Органический консерватизм мировосприятия был присущ не только массам, но и властям, как явствует из истории других комиций — трибутных. Август отметил в своем политическом завещании, так называемых «Деяниях божественного Августа» (10, 1), что имя его было включено в гимны жрецов-салцев решением сената (senatus consulto), трибунская же власть присвоена ему законом (per legem). Такое противопоставление встречалось и в более ранних документах[157], было традиционным, и смысл его всегда состоял в том, что «решение», consultum, принималось сенатом и носило рекомендательный характер, «закон» же, lex, принимался народным собранием и носил характер принудительно-правовой. Одно из исконных положений республиканской конституции состояло в том, что только народное собрание могло облекать гражданина полнотой власти[158], и Август действовал в строгом соответствии не с реальными отношениями своего времени, а с древними установлениями общины, когда принял почетное, но в общем вполне декоративное право фигурировать в гимнах салиев от сената, а важнейшую, решающую для оформления его власти магистратуру — от народного собрания.

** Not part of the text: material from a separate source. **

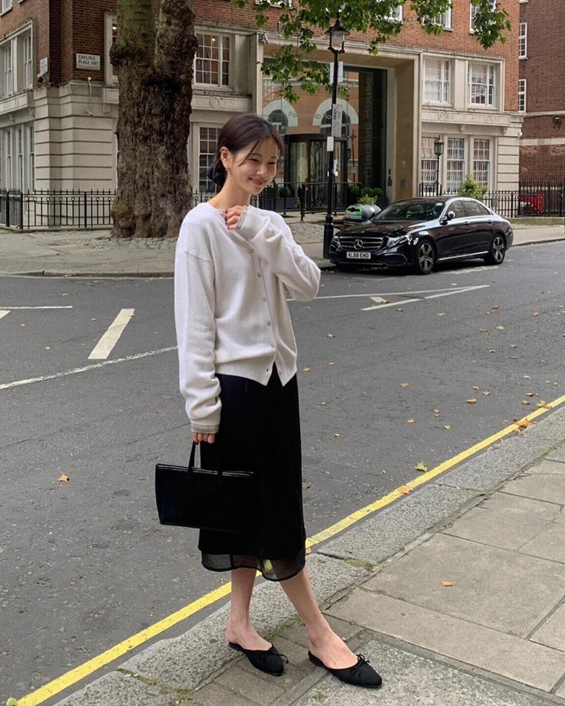 This year-end, solid-colored ballet flats in soft leather or satin are favored for their versatility with various skirt styles. When paired with A-line or midi skirts, they create a graceful and airy look.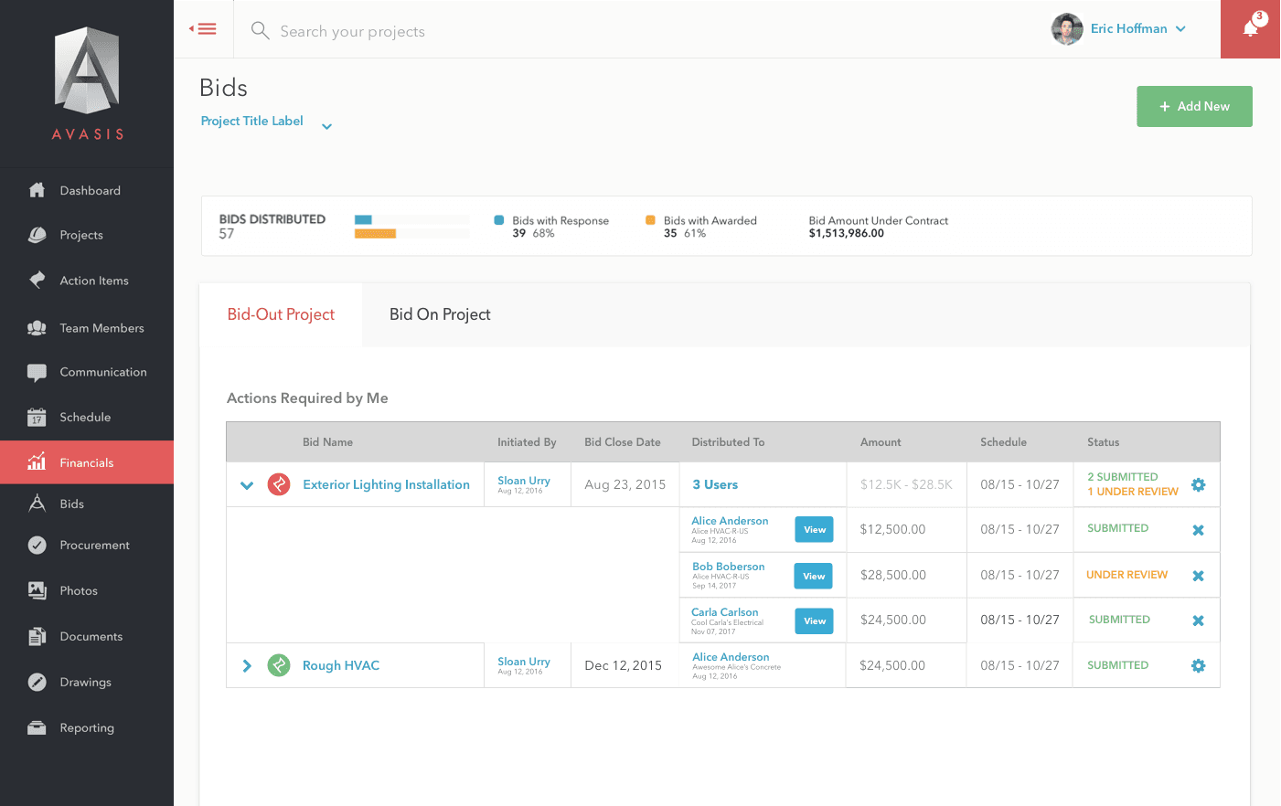 The AVASIS package also helped manage your company's bidding process, automatically notifying attached users on the project and keeping your bid process fast and competitive.

Tribunicia potestas, трибунская власть, была (наряду с консульским империем) главным слагаемым власти принцепса: личность трибуна считалась священной и неприкосновенной; он имел право представлять законопроекты сенату и народу, мог накладывать вето на сенатские решения, принуждать силой любого гражданина к исполнению своих распоряжений и защищать любого гражданина от преследований другого магистрата. Такой полноты гражданской власти не давала, по сути дела, ни одна другая магистратура, и неудивительно, что многие принцепсы периодически отказывались от звания консула, но кажется никто и никогда не рискнул отказаться от tribunicia potestas. И вот эту-то главную свою магистратуру, опору власти, принцепсы продолжали регулярно получать, как теперь выясняется[159], на протяжении целого столетия per legem, т. е. от особых комиций, так называемых трибутных, которых вроде как бы и не существовало, ибо они, как все выборные комиций, должны были быть распущены Тибериевым эдиктом 14 г.

С 37 г. в сенате укрепилось обыкновение при приходе очередного принцепса к власти присваивать ему одним сенатусконсультом все магистратуры зараз. Так они были присвоены в марте 37 г. Гаю Калигуле (Dio Cass., 59, 3, 1), в январе 41 г. Клавдию (Suet. Claud., 10, 3-12, 1), в октябре 54 г. Нерону (Suet. Nero, 8), в январе 69 г. Отону (Tac. Hist., I, 47, 1), летом того же года Вителлию (II, 62, 2) и в декабре Веспасиану (IV, 3, 2). Однако этот набор почестей (cuncta solita, «все, что обычно принято», называет его Тацит. — Ibid.), как ни парадоксально, не включал решающей магистратуры — трибуната, который, как в случае Августа, всем постановлениям и реформам вопреки продолжал присваиваться в народном собрании.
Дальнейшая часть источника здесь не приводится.